_Information shown_:
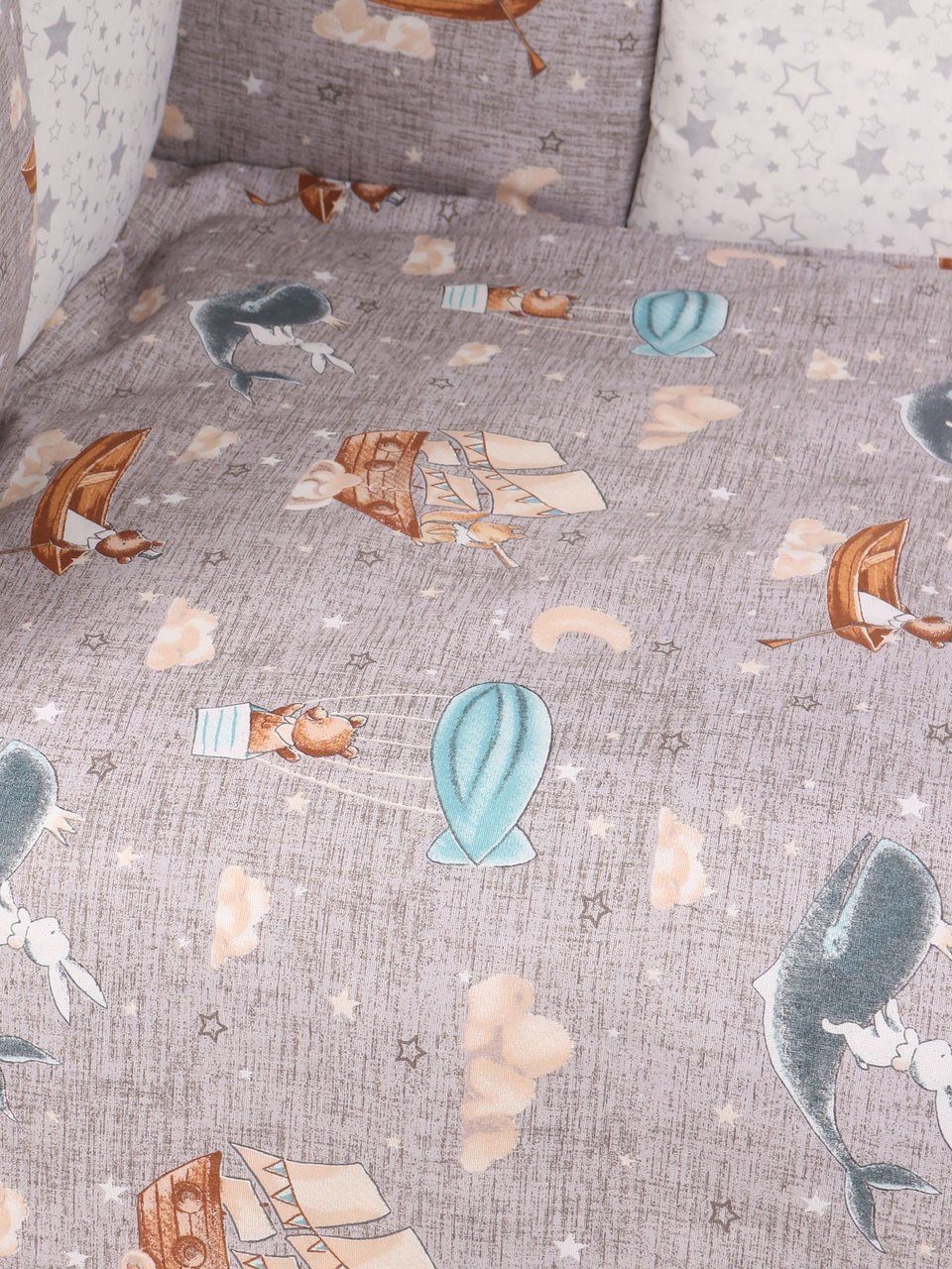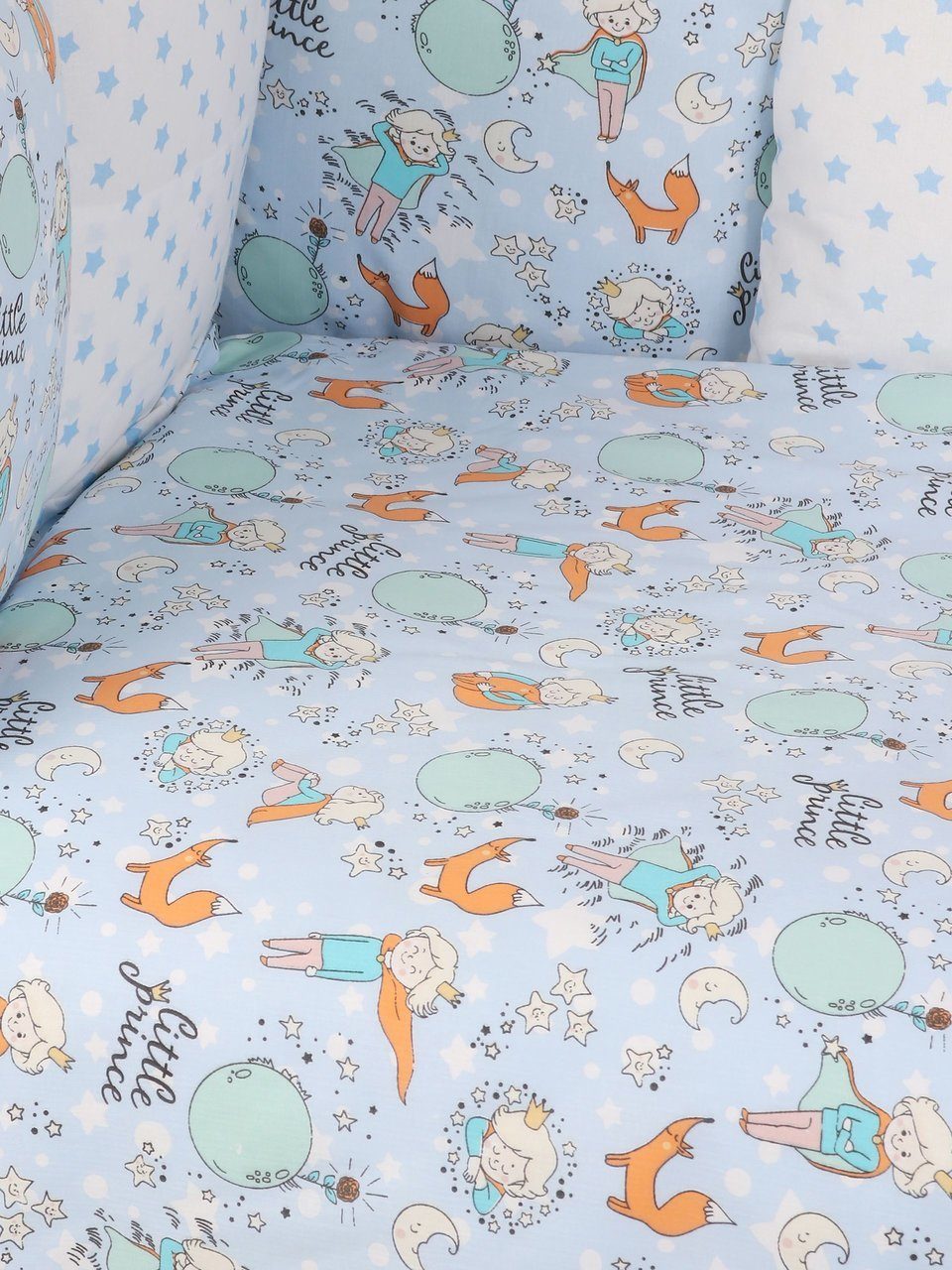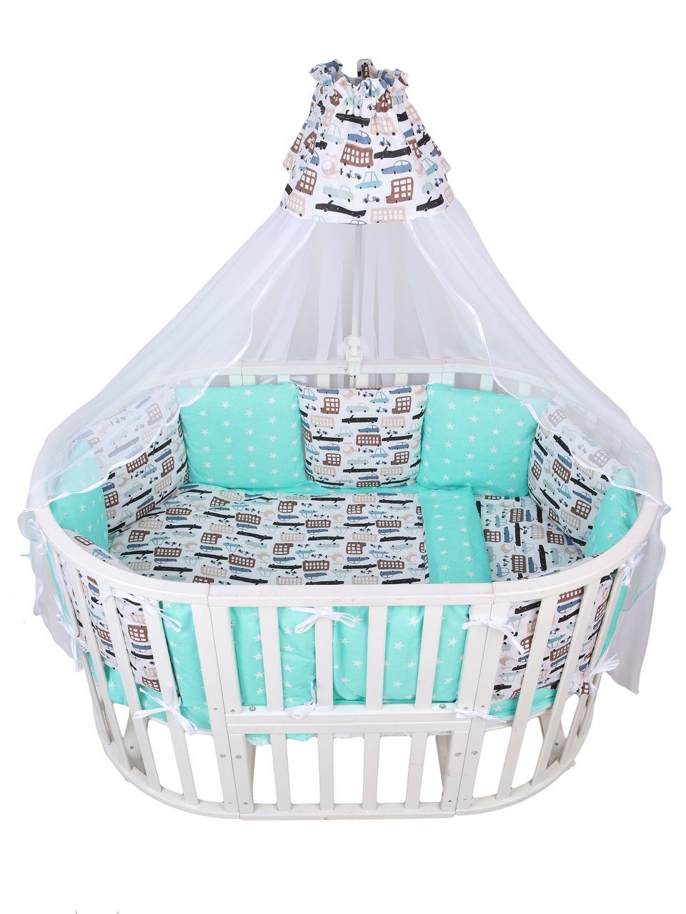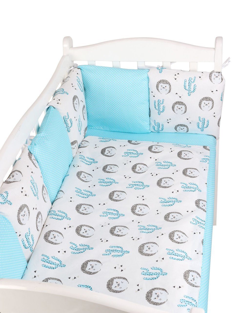 Бортик комплекта постельного белья представлен в виде 12ти подушек на завязках, наволочки на бортиках съёмные, на молнии. Мягкий наполнитель бортиков детского комплекта постельного белья обезопасит сон вашего малыша.
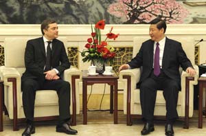 Chinese President Hu Jintao and his Russian counterpart Dmitry Medvedev on Saturday exchanged their new year greetings.
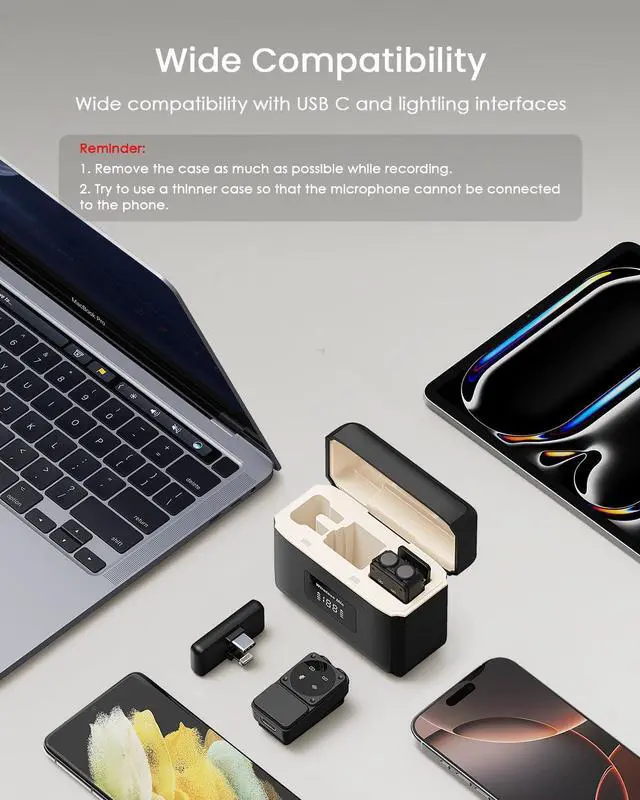 Crystal Clear Sound & Enhanced Compatibility:This wireless lavalier microphone delivers studio-quality audio with advanced noise cancellation and reverb effects. Compatible with iPhone, iPad, and USB-C devices, its the perfect mini microphone for content creators, podcasters, and professionals seeking superior sound.
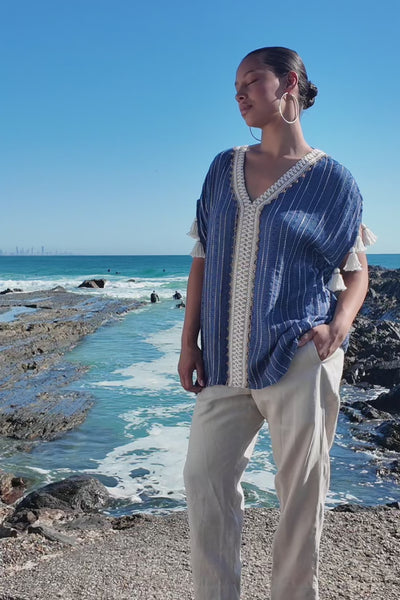 I just purchased this top in store. It is simply beautiful on. The material is delicate and with lovely embroidery detail. It will look stunning over jeans or white/blue/ cream linen pants. I feel like I have just walked out of the 70s but with “oomph”. I can’t wait to wear it out. They had a petite OS which looked really nice on. I am normally a “L”. I just didn’t trust the fact I was in a petite so I went for the standard OS. 😂 (FYI/ both looked great on, the petite was slightly more fitted). No photos yet but trust the model picture… it is lovely.

_Assignment_:
Only lines belong in the copy: transcribe those from the start of the data through the line that contains "Crystal Clear Sound", and skip the pictures.

_Response to this task_:
 Бортик комплекта постельного белья представлен в виде 12ти подушек на завязках, наволочки на бортиках съёмные, на молнии. Мягкий наполнитель бортиков детского комплекта постельного белья обезопасит сон вашего малыша.
 Chinese President Hu Jintao and his Russian counterpart Dmitry Medvedev on Saturday exchanged their new year greetings.
 Crystal Clear Sound & Enhanced Compatibility:This wireless lavalier microphone delivers studio-quality audio with advanced noise cancellation and reverb effects. Compatible with iPhone, iPad, and USB-C devices, its the perfect mini microphone for content creators, podcasters, and professionals seeking superior sound.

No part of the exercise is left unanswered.